See the vSphere product page for more information on VMware hybrid cloud.

Log and metric types

The Sumo Logic vCenter logs source and vCenter metrics source use the installed collector to gather the following data from VMWare:

  • VMWare Events using the Events API. See Events API for more details.
  • VMWare Metrics using the Performance API. For more information, see Performance API.

The dashboards provide real-time monitoring with visual data displays, allowing you to analyze events and performance metrics for efficient detection and troubleshooting.

Sample log messages

2018-11-15 17:39:09.569 +0530 ,,, message=Error detected for sumo-win2k8-a-4 on xx1.sumolabs.com
in Production1-West: Agent cannot send heartbeats.msg size: 612, sendto() returned: Operation not
permitted.,,,eventType=<class 'pyVmomi.VmomiSupport.vim.event.GeneralVmErrorEvent'>,,,
vm=ubuntu16.04-b-4,,,host=8df.sumolabs.com,,,datacenter=Production3-East,,,
computeResource=esx1.sumolabscluster.com,,,key=3553,,,chainId=3269

Sample queries

The following query is from the vSphere Errors Trend panel of the vCenter Errors - Analysis Dashboard.

_sourceCategory = Labs/VMWare6.5 and ("error" or "fail" or "critical")
| parse "message=*,,," as err_msg
| parse "host=*,,," as esx_host
| parse "eventType=*,,," as event_type
| parse "vm=*,,," as vm nodrop
| parse "computeResource=*,,," as cluster
| where esx_host matches {{esx_host}} and cluster matches {{cluster}} and event_type matches {{event_type}}
| timeslice 1h
| count(err_msg) as err_count by _timeslice
| compare with timeshift 1d 7

Prerequisites

  • Supported Software Versions. The VMware app works with vCenter and vSphere 6.5, 6.7, and 7.0.
  • Sumo Logic scripts for VMware. The Sumo Logic scripts required to work with the app are located here: sumo-vsphere-ulm.zip.

Collecting logs and metrics for the VMware app

The VMware app collects logs and metrics from your VMware cloud computing virtualization platform, then displays the data in predefined dashboards.

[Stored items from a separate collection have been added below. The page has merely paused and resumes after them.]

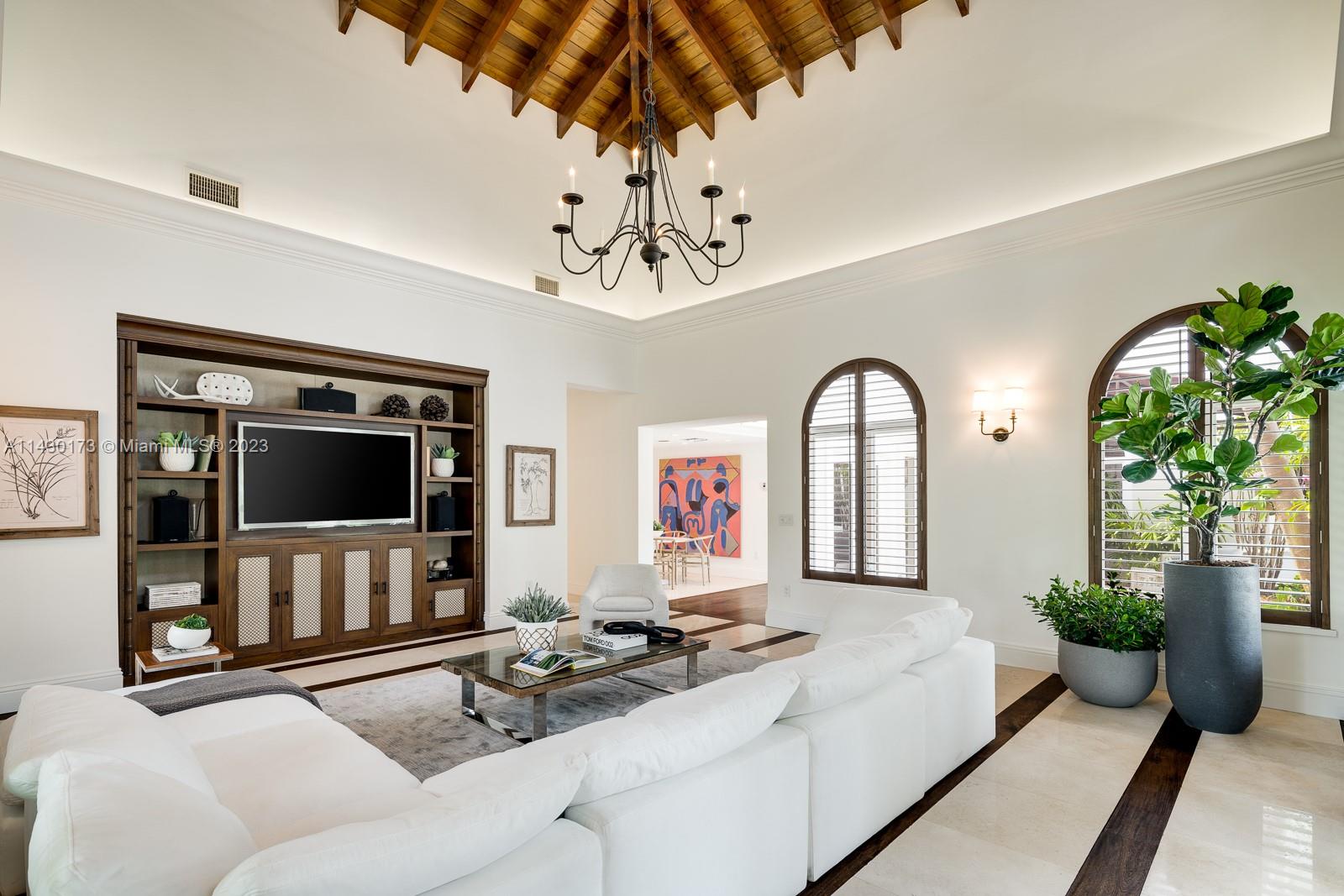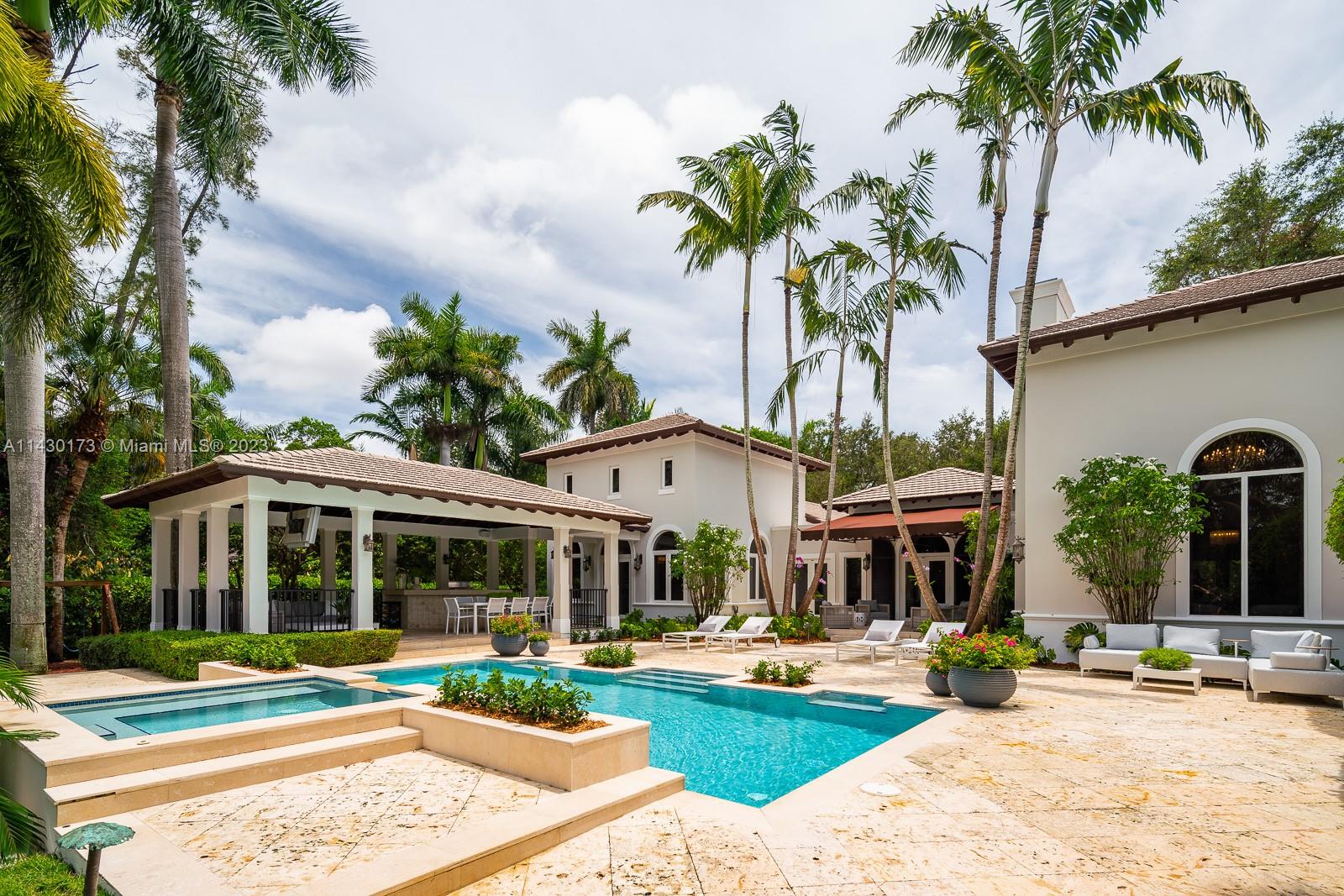 Fantastic opportunity to live on a private cul-de-sac in the exclusive, guard-gated community of Snapper Creek Lakes. Built in 2005, this 6 bed, 7.5 bath 6,528SF home was thoughtfully renovated in 2022, ensuring modern comforts and stylish living. This home boasts vaulted and beamed volume ceilings and abundant light throughout. A desirable layout features a primary suite on second level, formal living and dining rooms, an ample chef’s kitchen, and a spacious pool area with decks and gazebo perfect for entertaining. Ideal family home with basketball court, batting cage, playground, and ample yard. Snapper Creek Lakes provides amenities such as a private marina available to residents only, a clubhouse, and a 24/7 security patrol.
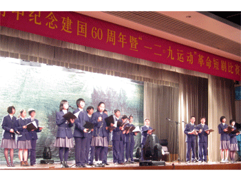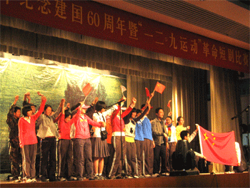 12月5日下午,bg真人试玩团委举行了以《祝福祖国》为主题的纪念建国60周年暨“一二·九”运动74周年的革命短剧比赛。校领导王殿军、刘俊、施平、周兆玉、杜毓贞应邀出席了活动,由李学森、鞠红、李冰、陈明秋和谭晨老师担任评委。
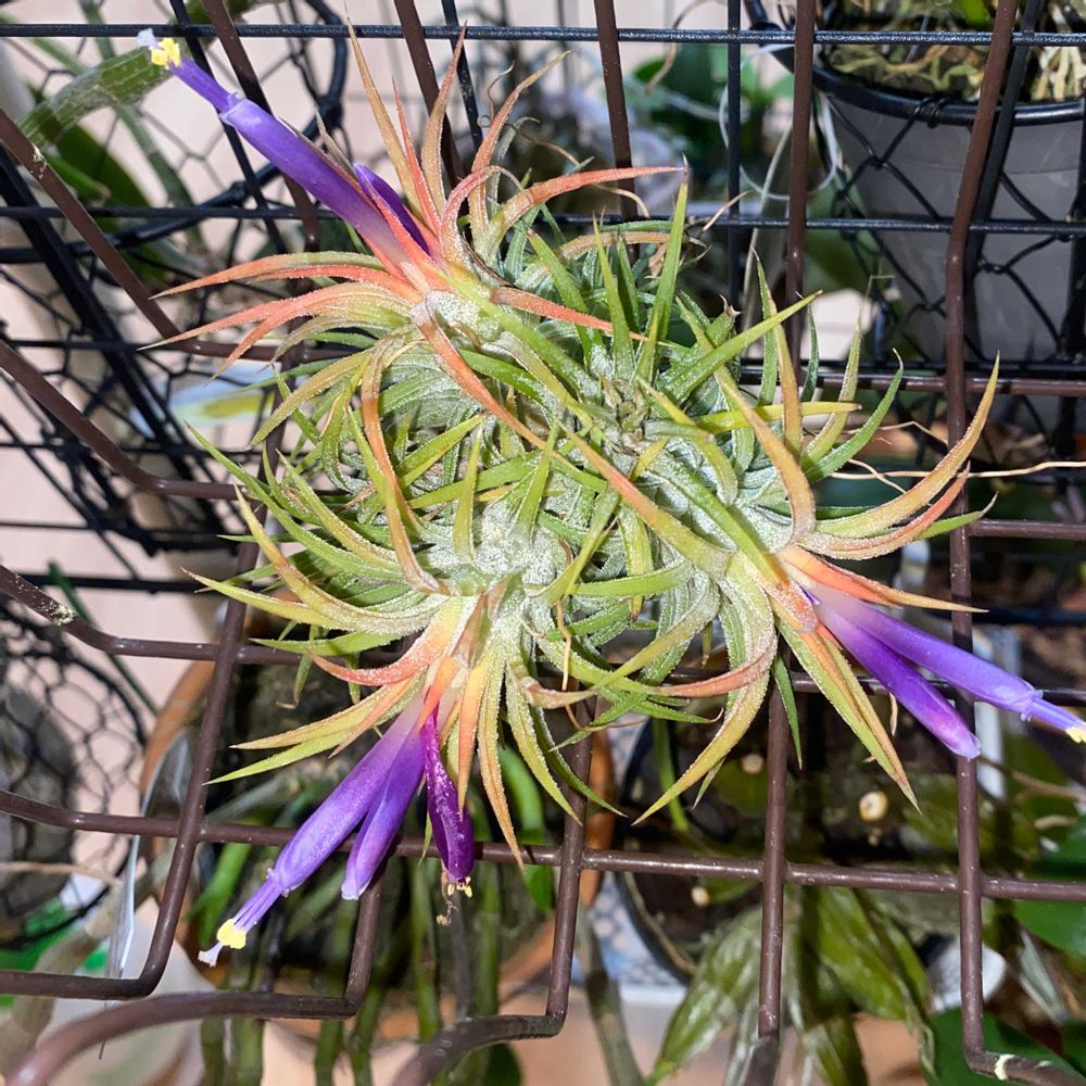 昨年咲かなかったチランジアが3本ずつ紫色の花を伸ばしてくれて🥰
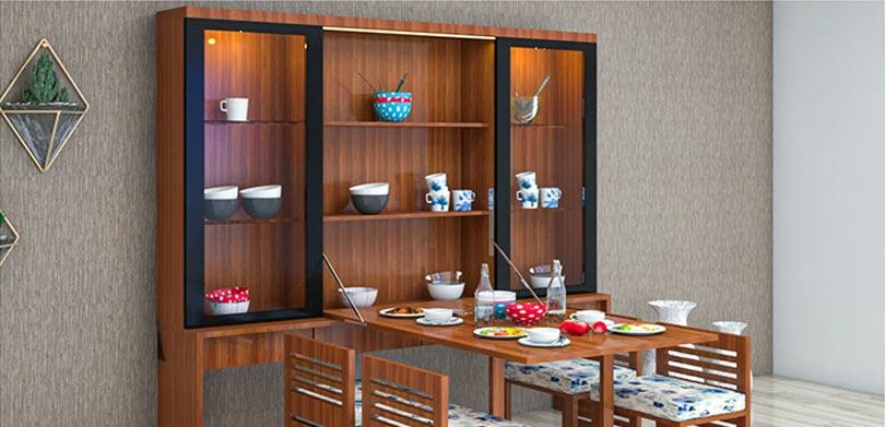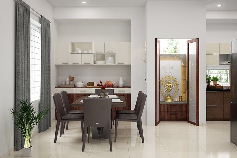 Further, a sleek wall cabinet design can further enhance your dining room’s appearance and functionality itself. This simple addition transforms the entire space effectively. Modern cabinets actually combine smooth wood with glass parts. They definitely create stylish storage that works well for homes. White or neutral cabinets with glass doors surely help display your good dishes while keeping all utensils properly arranged. Moreover, these cabinets make your modular kitchen look neat and organized. These designs surely utilize the unused wall space effectively, making the dining area free from clutter.

The app enables you to monitor vCenter, ESXi hosts and VM metrics and events.

This section provides instructions for collecting logs and metrics for VMware.

Step 1: Set up a server, host, or VM to collect data

You can use the following method for setting up a server to collect data for the VMware app:

If you have an existing VM, go directly to Installing the Sumo Logic scripts on a VM and proceed with following the instructions. Install the Sumo Logic scripts for events and metrics on a vCenter server, or another host with access to vCenter APIs.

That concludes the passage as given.